He pulled a wry face and she laughed. “And you’ll be there to walk me down the aisle.” She rested her head affectionately against his broad shoulder, feeling the smoothness of his jacket under her cheek. With her father’s arms around her she had always felt safe from the world.
There was a tap on his shoulder. A good-looking young man grinned at him and said, “Can’t monopolize her all night, Mr. Keeffe. Give the other guys a break, won’t you?”
Bob stepped back, watching for a moment as the young man swept her off, then he made his way to the side of the
marquee. He looked at his young daughter, so happy, so carefree, so at ease in her world, her short skirts whirling and her long hair flowing like a gaudy, brave, copper-red banner. Then he turned away, and leaving the carefree world behind, he walked alone and unnoticed to where the edge of the velvet night sky touched the silver of the lake.
L
ATE THE NEXT MORNING
Shannon drifted drowsily from sleep to consciousness. She stretched her arms over her head like a lazy cat, running her hands through her tangled copper hair, smiling as she recalled the previous night. She only wished she could have her party all over again.
She laughed, remembering everyone dancing Irish reels in their chic clothing, and the men stripping off their dinner jackets as the music got faster and they got hotter. They had quenched their thirst in iced champagne and danced until dawn, though the “old folks,” as her friends laughingly called them, had long since departed for their beds.
She lay back against the pillows, thinking about her new fiancé, Wil, asking herself if he wasn’t the nicest, most handsome, most charming young man she had ever met. Except for her father, of course, because Big Bob Keeffe was in a class of his own when it came to charm, looks, and niceness.
She closed her eyes, imagining herself walking down the aisle on her father’s arm in a cloud of white silk and lace, and Wil waiting for her at the altar with that look of love in his eyes, and she sighed with contentment.
She threw on a robe and drifted lazily downstairs, filled with a happy feeling of well-being. The servants had been working all night and the huge house was immaculately tidy. There were fresh flower arrangements on the tables
and sideboards and no hint of last night’s cigarette smoke. No one would ever have guessed there had been a party, were it not for the green-and-white striped marquee still on the lawn.
Fresh coffee bubbled in the machine on the marble console in the breakfast room, and she helped herself to a cup, adding a guilty spoonful of sugar and sipping it thankfully. Through the window she caught a glimpse of Wil on the tennis court. She guessed he was playing the local pro and she groaned, admiring his stamina.
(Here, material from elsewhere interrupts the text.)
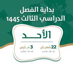 - بداية الفصل الدراسي الثالث: 3 مارس 2024، وينتهي في 10 يونيو 2024.

Taking her coffee, she strode down the hall to her father’s study and tapped on the door. There was no reply and she peeked in. The room was different from the rest of the house: it was small and crowded, and Shannon smiled; her father’s study described his personality.
Big Bob Keeffe could never have been called “neat” and he spread himself and his belongings over every possible surface. The old-fashioned rolltop desk was stuffed with papers, architects’ cabinets bulged with plans, a table was heaped with drawings, and a pair of battered red leather armchairs was piled with files. Two of his most prized paintings from his collection of Irish masters hung on the walls: an early Orpen portrait of a pale-skinned, red-haired woman in a pink satin gown that he said reminded him of his first wife; and a harsh Yeats landscape that only he admired.
On his desk was an inexpensive multipicture frame filled with photos of Shannon through the years, and on the wall was what he said was his greatest treasure and achievement, Shannon’s framed diploma from Harvard. “Now I know you’ll never starve,” he had told her, laughing, at the boisterous celebration at Lock Obers restaurant after the graduation ceremony. “Brains as well as beauty, that’s my girl.”
The phone rang, shattering the peaceful silence, and Shannon caught it on the first ring. It was her father’s partner, Brad Jeffries, and he sounded startled when she answered.
“Just calling to say thanks,” he said quickly. “Great party, Shannon.”
Shannon had known Brad almost all her life. He and his wife had both been at the party last night, though she hadn’t noticed them dancing a reel, and now she thought about it neither of them had looked as though they were enjoying themselves.
Her father’s other partner, good-looking Jack Wexler, had been there, too, with the latest successful New York model on his arm, but she thought he hadn’t been doing much dancing either.
She scribbled a quick note to her father asking him to ring Brad, added “Love you, Dad—and thanks,” and signed her name with a flourish. Then she went in search of her stepmother.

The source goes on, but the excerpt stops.